“Do not thus contemplate the terrors of the sea,” he said to Wenamon. “For if you do that you should also contemplate my own. Come, I have not done to you what they did to certain former envoys. They spent seventeen years in this land, and they died where they were.” Then, turning to an attendant, “Take him,” he said, “and let him see the tomb in which they lie.”
“Oh, don’t let me see it,” Wenamon tells us that he cried in anguish; but, recovering his composure, he continued in a more valiant strain. “Mere human beings,” he said, “were the envoys who were then sent. There was no god among them (as there now is).”
The prince had recently ordered an engraver to write a commemorative inscription upon a stone tablet recording the fact that the king of the gods had sent Amon-of-the-Road to Byblos as his divine messenger and Wenamon as his human messenger, that timber had been asked for and supplied, and that in return Amon had promised him ten thousand years of celestial life over and above that of ordinary persons. Wenamon now reminded him of this, asking him why he should talk so slightingly of the Egyptian envoys when the making of this tablet showed that in reality he considered their presence an honour. Moreover, he pointed out that when in future years an envoy from Egypt should read this tablet, he would of course pronounce at once the magical prayers which would procure for the prince, who would probably then be in hell after all, a draught of water. This remark seems to have tickled the prince’s fancy, for he gravely acknowledged its value, and spoke no more in his former strain. Wenamon closed the interview by promising that the High Priest of Amon-Ra would fully reward him for his various kindnesses.

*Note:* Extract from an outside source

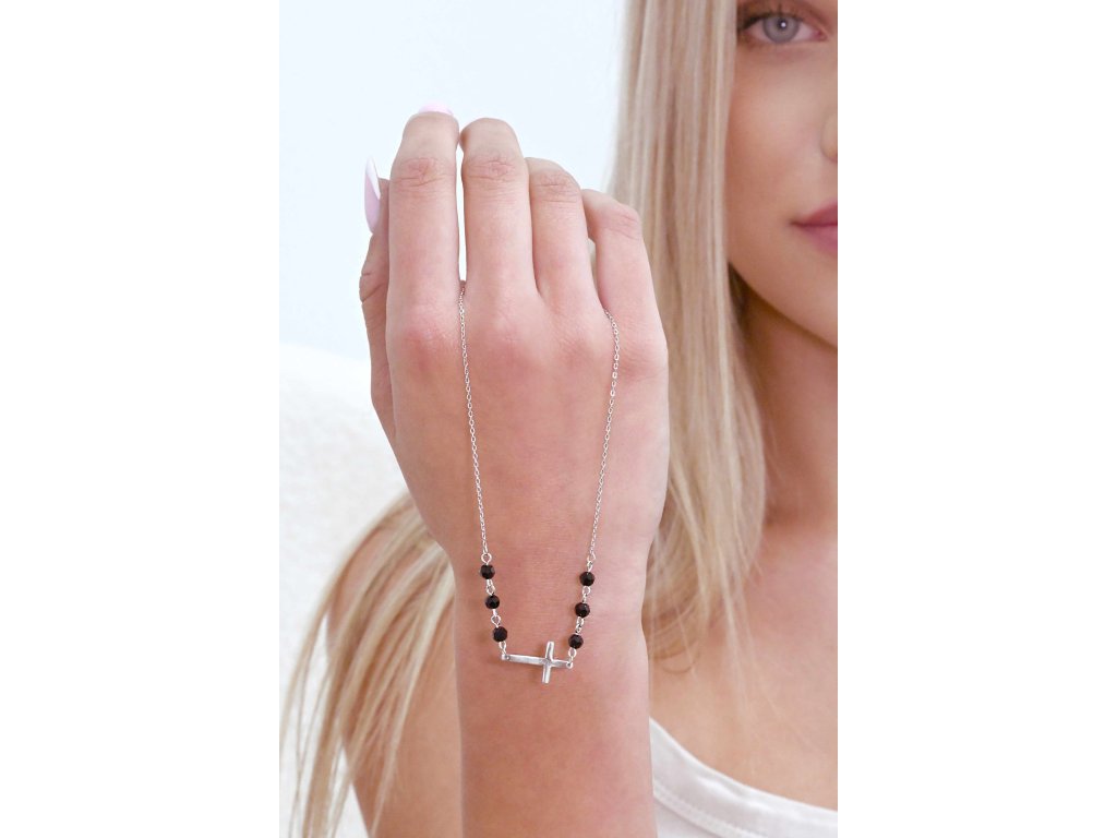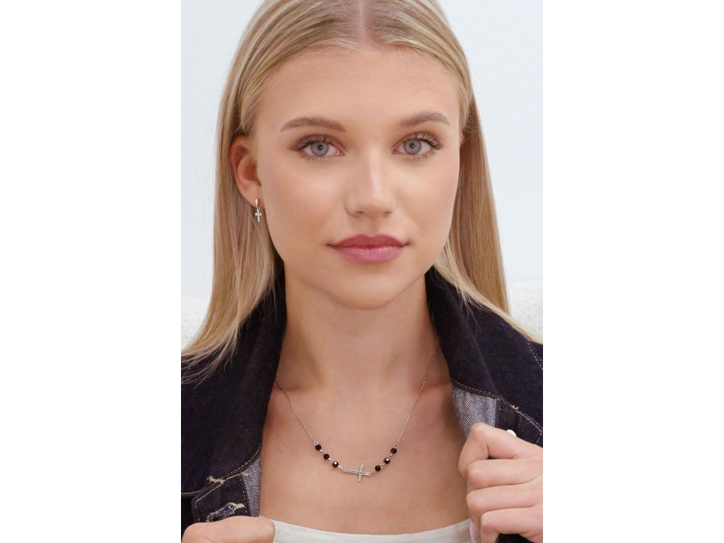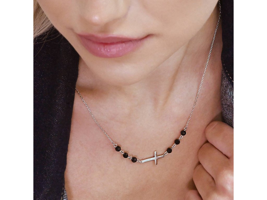 Dokonalá súhra striebra a čiernej - tento jedinečný náhrdelník spája klasický symbol krížika s moderným dizajnom lesklých čiernych korálikov. Výsledkom je šperk, ktorý vás očarí svojou mystickou eleganciou a nadčasovosťou. Kvalitné striebro rýdzosti 925/1000 je ošetrené vrstvou ródia, ktorá zaistí, že váš šperk bude stále žiariť ako v deň, keď ste si ho zaobstarali. Vďaka spracovaniu bez niklu si tento kúsok môžu dopriať aj dámy s citlivou pokožkou.

Shortly after this the Egyptian paid another visit to the sea-shore to feast his eyes upon the logs. He must have been almost unable to contain himself in the delight and excitement of the ending of his task and his approaching return, in triumph to Egypt; and we may see him jauntily walking over the sand, perhaps humming a tune to himself. Suddenly he observed a fleet of eleven ships sailing towards the town, and the song must have died upon his lips. As they drew nearer he saw to his horror that they belonged to the Sicilians of Dor, and we must picture him biting his nails in his anxiety as he stood amongst the logs. Presently they were within hailing distance, and some one called to them asking their business. The reply rang across the water, brief and terrible; “Arrest Wenamon! Let not a ship of his pass to Egypt.” Hearing these words the envoy of Amon-Ra, king of the gods, just now so proudly boasting, threw himself upon the sand and burst into tears.
The sobs of the wretched man penetrated to a chamber in which the prince’s secretary sat writing at the open window, and he hurried over to the prostrate figure. “Whatever is the matter with you?” he said, tapping the man on the shoulder.